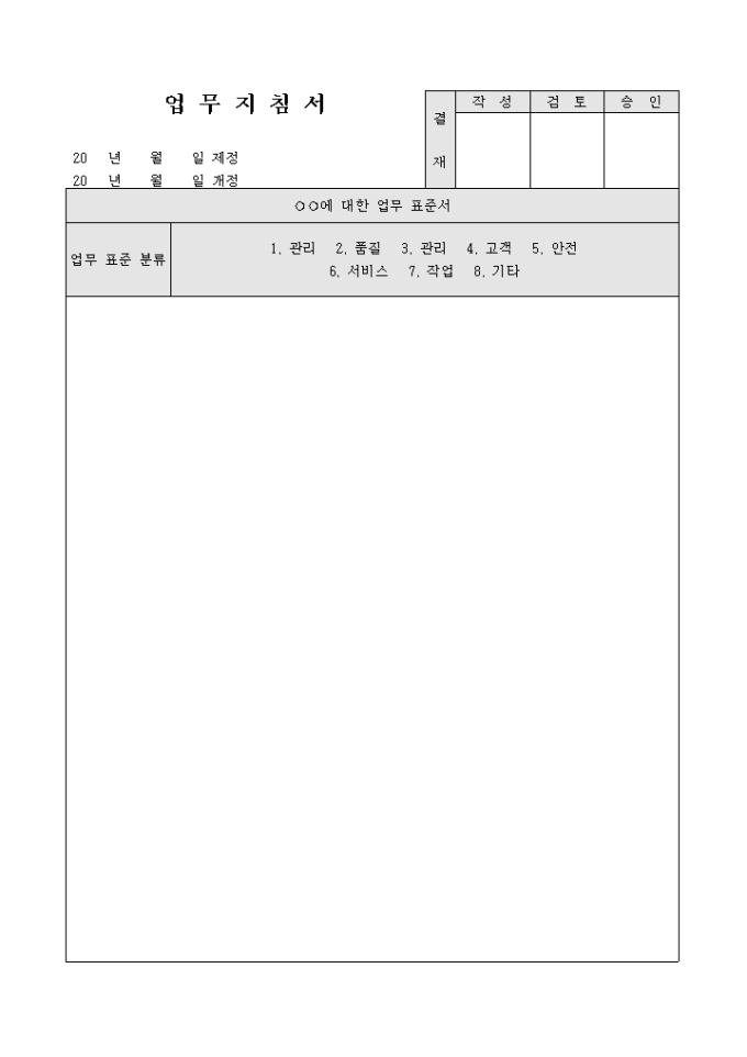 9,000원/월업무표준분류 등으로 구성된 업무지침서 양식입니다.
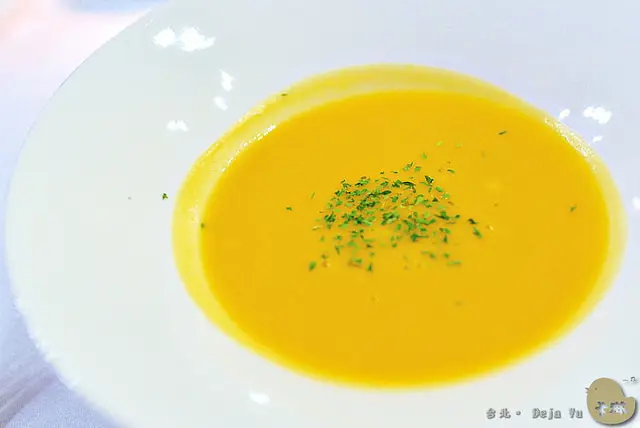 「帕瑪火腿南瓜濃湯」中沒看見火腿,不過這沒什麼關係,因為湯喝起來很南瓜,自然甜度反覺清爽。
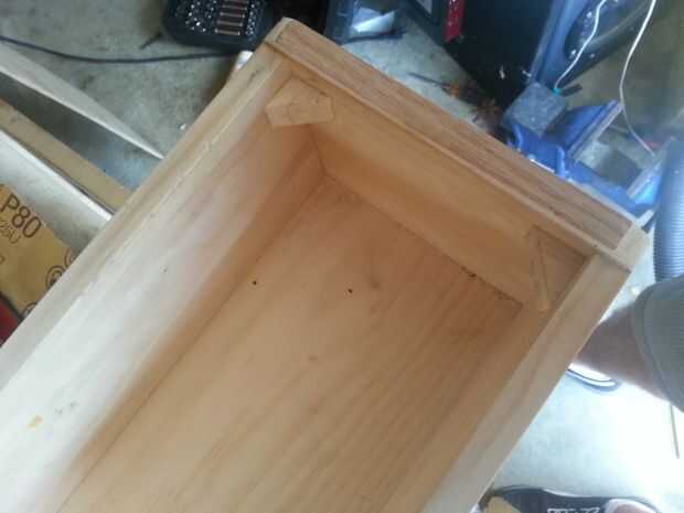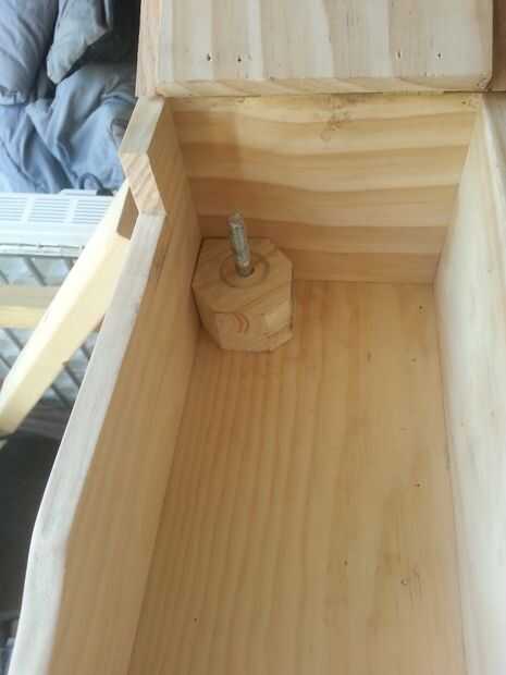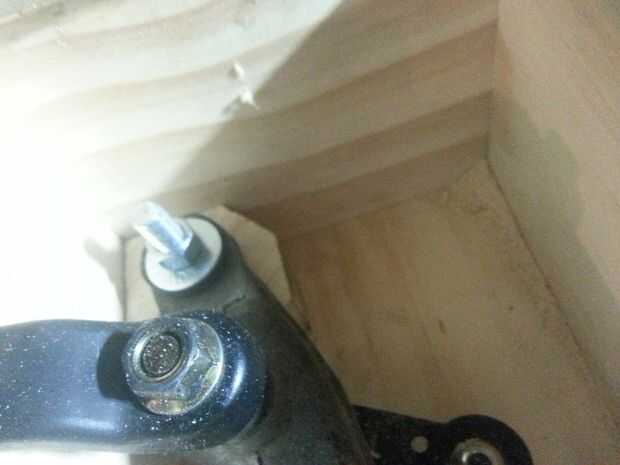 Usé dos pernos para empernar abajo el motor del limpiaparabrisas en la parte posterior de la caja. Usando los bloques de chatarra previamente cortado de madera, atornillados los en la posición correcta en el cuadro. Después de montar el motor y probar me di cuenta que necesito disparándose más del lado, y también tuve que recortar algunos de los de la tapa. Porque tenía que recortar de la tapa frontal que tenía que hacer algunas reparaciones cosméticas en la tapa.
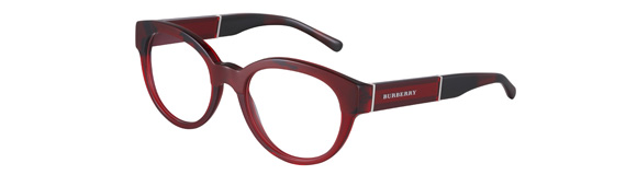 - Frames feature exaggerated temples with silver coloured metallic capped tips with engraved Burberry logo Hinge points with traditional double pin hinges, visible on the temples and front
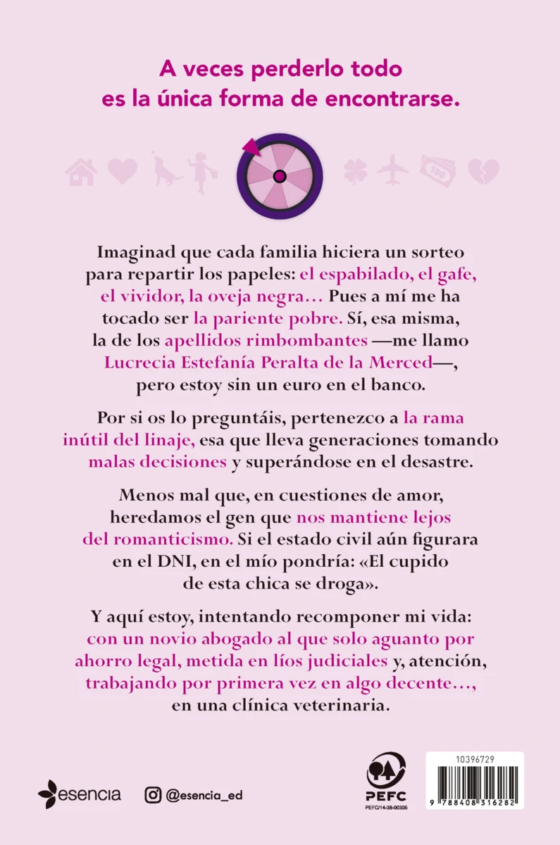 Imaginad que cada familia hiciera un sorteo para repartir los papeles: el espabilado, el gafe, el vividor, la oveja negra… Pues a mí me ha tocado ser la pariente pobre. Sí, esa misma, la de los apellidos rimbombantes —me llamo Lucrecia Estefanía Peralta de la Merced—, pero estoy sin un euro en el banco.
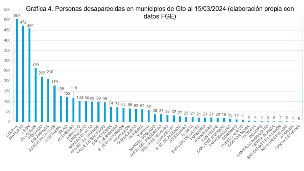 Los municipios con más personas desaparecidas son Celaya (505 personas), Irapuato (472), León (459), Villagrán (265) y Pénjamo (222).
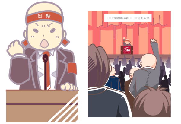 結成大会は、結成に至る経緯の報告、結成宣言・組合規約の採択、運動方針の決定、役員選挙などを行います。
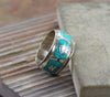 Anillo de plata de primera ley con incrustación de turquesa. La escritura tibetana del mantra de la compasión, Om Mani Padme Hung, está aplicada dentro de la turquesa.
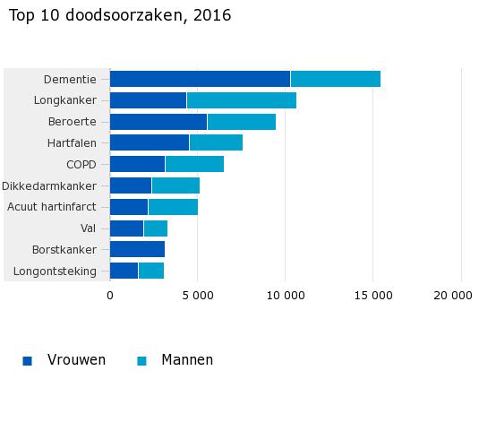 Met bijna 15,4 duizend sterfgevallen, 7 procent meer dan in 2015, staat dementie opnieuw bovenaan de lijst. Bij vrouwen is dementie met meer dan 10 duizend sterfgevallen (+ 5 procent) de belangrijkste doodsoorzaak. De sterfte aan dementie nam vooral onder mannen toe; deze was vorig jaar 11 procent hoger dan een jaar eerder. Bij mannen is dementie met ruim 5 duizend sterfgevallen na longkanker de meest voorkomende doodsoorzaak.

━━━━━━━━━━

> **WHAT THE TASK REQUIRES**
What is needed is an exact copy of the lines from the one containing "Usé dos pernos" through the last line of the records, with every picture left out.

> **WORKED SOLUTION**
 Usé dos pernos para empernar abajo el motor del limpiaparabrisas en la parte posterior de la caja. Usando los bloques de chatarra previamente cortado de madera, atornillados los en la posición correcta en el cuadro. Después de montar el motor y probar me di cuenta que necesito disparándose más del lado, y también tuve que recortar algunos de los de la tapa. Porque tenía que recortar de la tapa frontal que tenía que hacer algunas reparaciones cosméticas en la tapa.
 - Frames feature exaggerated temples with silver coloured metallic capped tips with engraved Burberry logo Hinge points with traditional double pin hinges, visible on the temples and front
 Imaginad que cada familia hiciera un sorteo para repartir los papeles: el espabilado, el gafe, el vividor, la oveja negra… Pues a mí me ha tocado ser la pariente pobre. Sí, esa misma, la de los apellidos rimbombantes —me llamo Lucrecia Estefanía Peralta de la Merced—, pero estoy sin un euro en el banco.
 Los municipios con más personas desaparecidas son Celaya (505 personas), Irapuato (472), León (459), Villagrán (265) y Pénjamo (222).
 結成大会は、結成に至る経緯の報告、結成宣言・組合規約の採択、運動方針の決定、役員選挙などを行います。
 Anillo de plata de primera ley con incrustación de turquesa. La escritura tibetana del mantra de la compasión, Om Mani Padme Hung, está aplicada dentro de la turquesa.
 Met bijna 15,4 duizend sterfgevallen, 7 procent meer dan in 2015, staat dementie opnieuw bovenaan de lijst. Bij vrouwen is dementie met meer dan 10 duizend sterfgevallen (+ 5 procent) de belangrijkste doodsoorzaak. De sterfte aan dementie nam vooral onder mannen toe; deze was vorig jaar 11 procent hoger dan een jaar eerder. Bij mannen is dementie met ruim 5 duizend sterfgevallen na longkanker de meest voorkomende doodsoorzaak.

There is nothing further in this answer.